Despite being a little upset about my late arrival, the doctor was very calm and hands off. She was in the room the whole time, but she would just glance over occasionally, seeing that I was in the capable hands of my husband and our doula. I just kept going with the flow. Once I reached pushing, she stepped in and worked me through it calmly, while complimenting me and encouraging me. It was great to see everyone grinning and telling me how close I was and how they could see progress with each push. The look on Luke's face as the baby came was priceless. Pride, awe, excitement.
A funny moment - during my last few contractions before pushing stage, Luke panicked that we didn't have the birth plan to give the doctor, so he was going to run out to the car to grab it. She just looked at him and said, "I think we'll just wing it from this point! She's so close to pushing, I don't want you to miss it."
I also apparently had an amazing hip wiggle through the intense contractions, so into them that everything else seemed to fade away. Yet I had moments of complete clarity right around the peak of one contraction, where I was able to groan out my correct birthday because Luke was off by a few days. :)

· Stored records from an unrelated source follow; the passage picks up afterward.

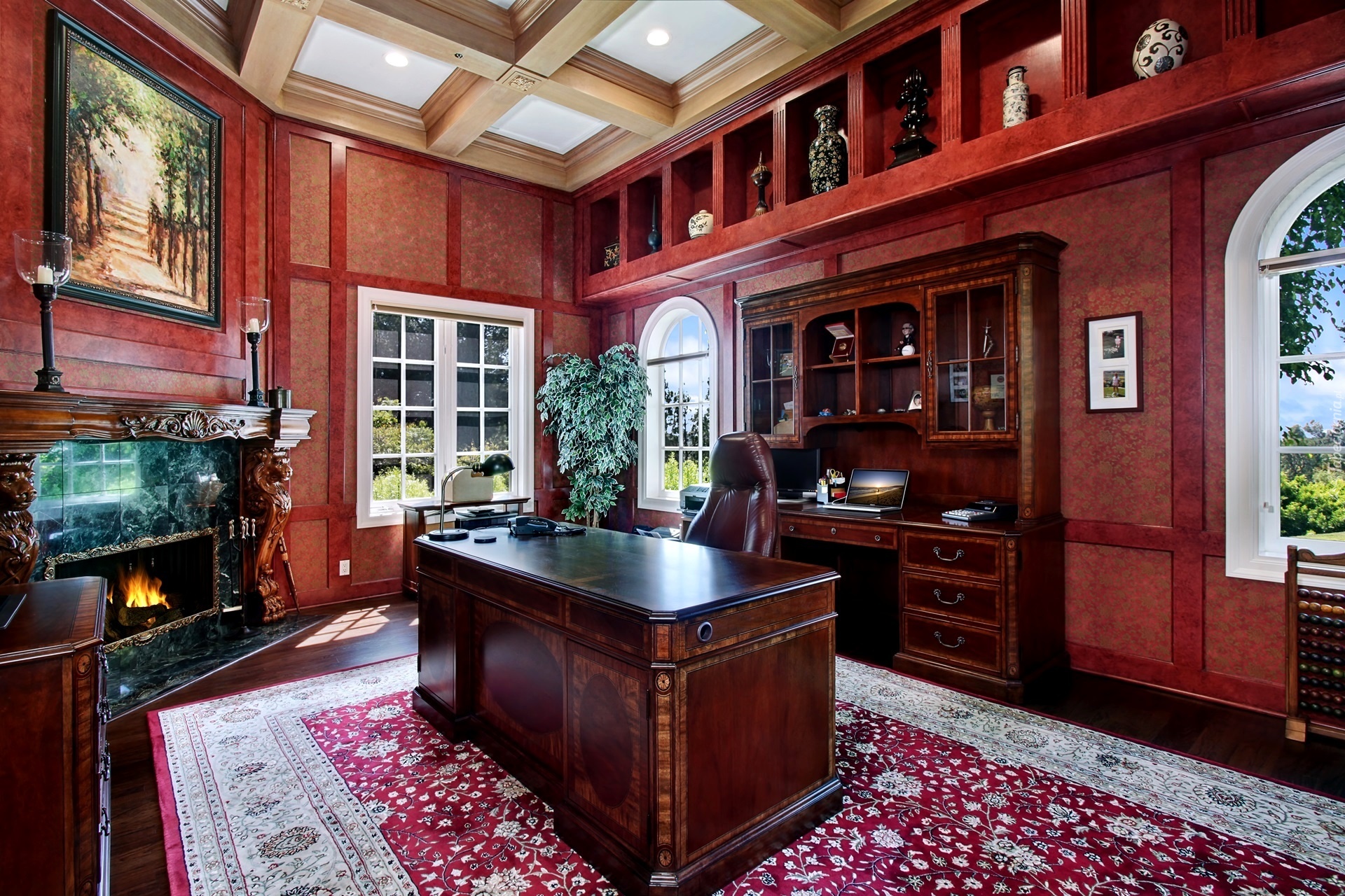 Edytor tapety: Wnętrze, Gabinet, Biurko, Kominek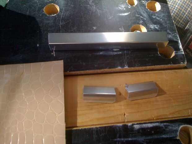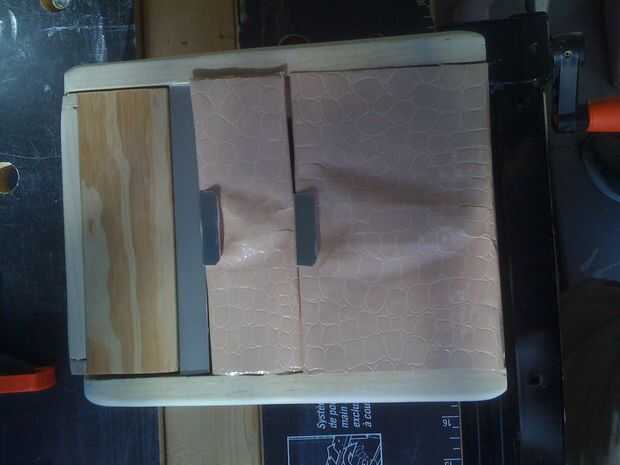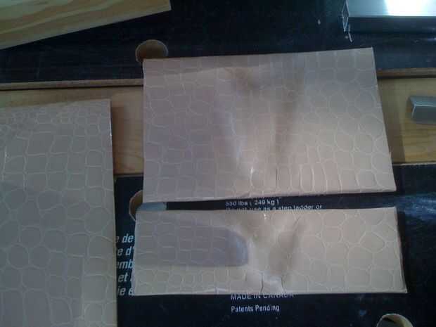 La parte delantera y trasera de la placa son cartón sólo ondulado, vestido para arriba con un poco de papel de textura. El Tricorder en la serie original tiene una variedad de texturas superficiales - kydex haircell, vinilo, cuero, pero mina es real imitación piel de Gorn. Cortar las molduras de"delta" de cartón así. Mi placa es aproximadamente 5.75 x 6 pulgadas, y las placas delanteras son 5.75 x 3,75 y 5,75 x 1.75. Cubrió cada plato con una capa del palillo del pegamento y utiliza el mango redondeado de un destornillador pequeño para pulir los bordes del diseño moldeado. En este momento se debe también cortar algunos tiradores de las puertas de aluminio acción de barra de toalla. En la serie original hay un par de variaciones. Mina son aproximadamente 1.5 x.5 pulgadas, que es un poco grande. Cortar unas ranuras para las manijas y dry fit. Las puertas de mi tricorder son no funcionales, pero podría les bisagra y construir los compartimientos interiores si tiene la inclinación.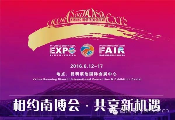 第4届中国—南亚博览会暨第24届中国昆明进出口商品交易会定于2016年6月12—17日在云南昆明举办,会期较往届增加一天。6月12日上午为开幕式,12日下午和13日专门安排了1天半的专业观众参展洽谈时间,6月14—17日面向社会公众开放。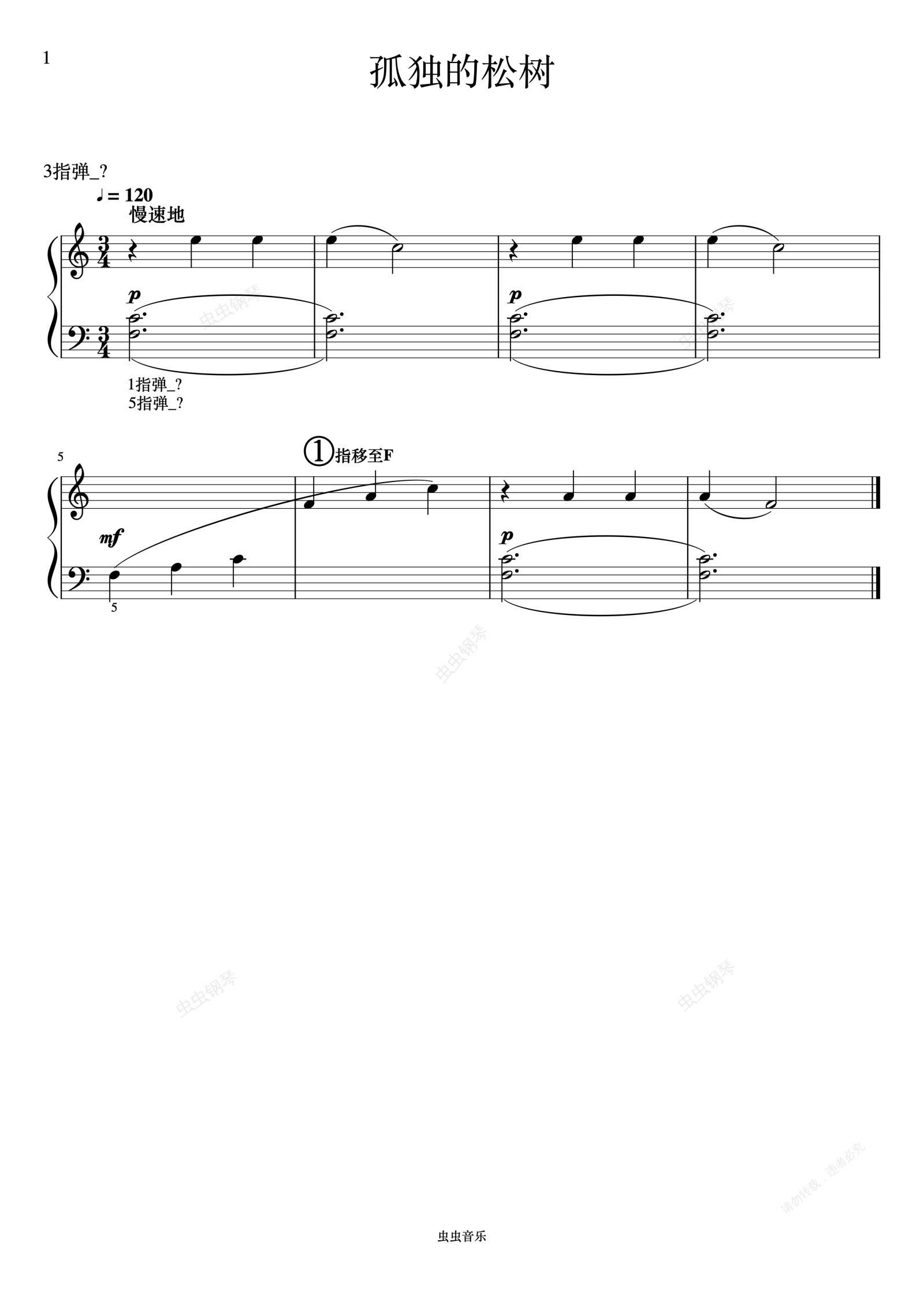 钢琴谱:单元二 孤独的松树《FBE 课程和乐理》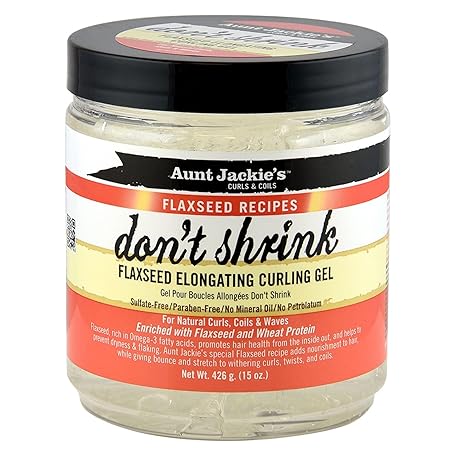 Thông tin sản phẩm Aunt Jackie's Flaxseed Recipes Don't Shrink Elongating Hair Curling Gel for Natural Curls, Coils and Waves, Helps Prevent Dryness and Flaking, 15 oz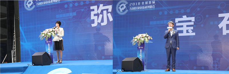 北京支持雄安产业发展促进会副会长兼秘书长弥雪,万国区块链技术博览会组委会秘书长、深创学院创始人宝石致辞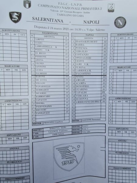 SALERNITANA NAPOLI PRIMAVERA FORMAZIONI UFFICIALI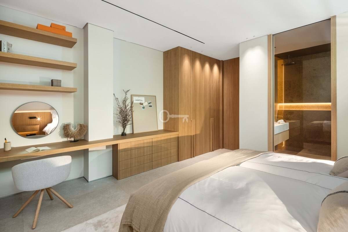 The villas sleeping quarters are designed with impeccable taste. The master suite, a true retreat, offers direct access to a private terrace where one can savor the expansive views. The en-suite bathroom is a sanctuary of indulgence, featuring a freestanding tub with a view and a walk-in shower adorned with premium fixtures. Additional bedrooms are equally refined, each with en-suite facilities and private terraces, ensuring that guests enjoy unparalleled comfort and privacy.
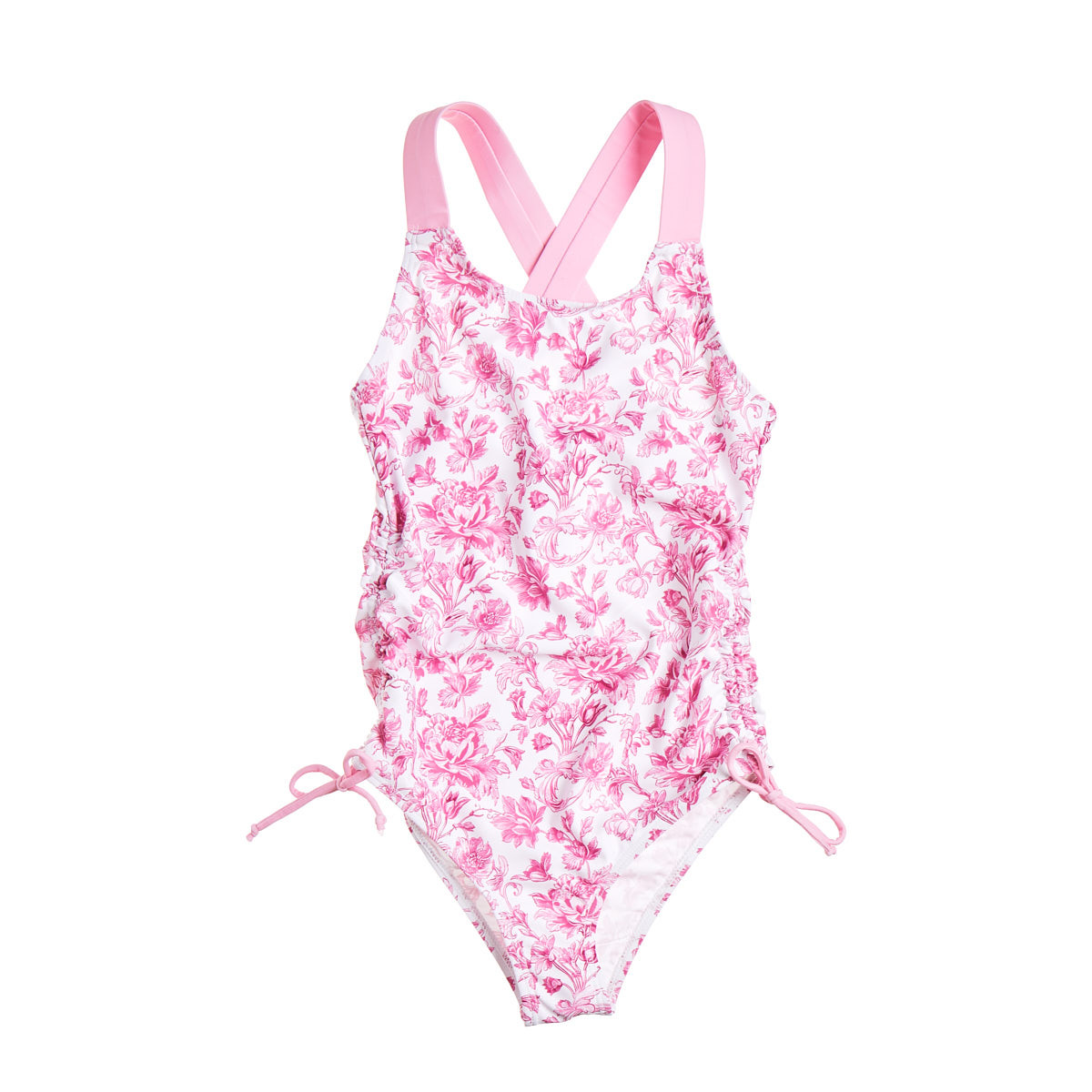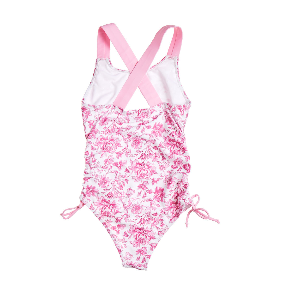 True Blue one-piece swimsuit decorated with a striking floral pattern in shades of pink.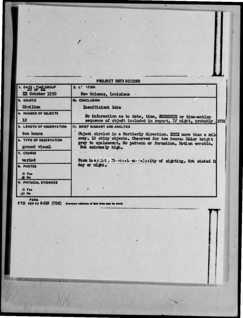 This intelligence report compiles multiple civilian UFO sightings in Louisiana from October and November 1950. While the military collected these accounts, they officially dismissed at least one instance as a balloon observation.

Early on in labor, I felt so empowered. Towards the end, not so much. I felt crazy for choosing the natural route. Who voluntarily chooses that much pain?! When it was all done, though, everything shifted back to a feeling of joy. When I gave that final push, when they pulled her out and announced, "It's a girl!", when Luke and I both went "What?!" because we were convinced this baby was a boy, when they laid her on my chest, all of these moments will forever be embedded in my mind. I cried and laughed and grinned like a crazy woman on happy drugs, and I spent the next day on this adrenaline rush that just wouldn't fade. I have been unable to stop praising God for this amazing experience, for allowing me the opportunity, for giving our family the blessing of this precious daughter. I am thankful for each and every answered prayer, and there are so many right at this moment. He is who He is, no matter how the situation might have turned out, yet I am so very grateful for this gift.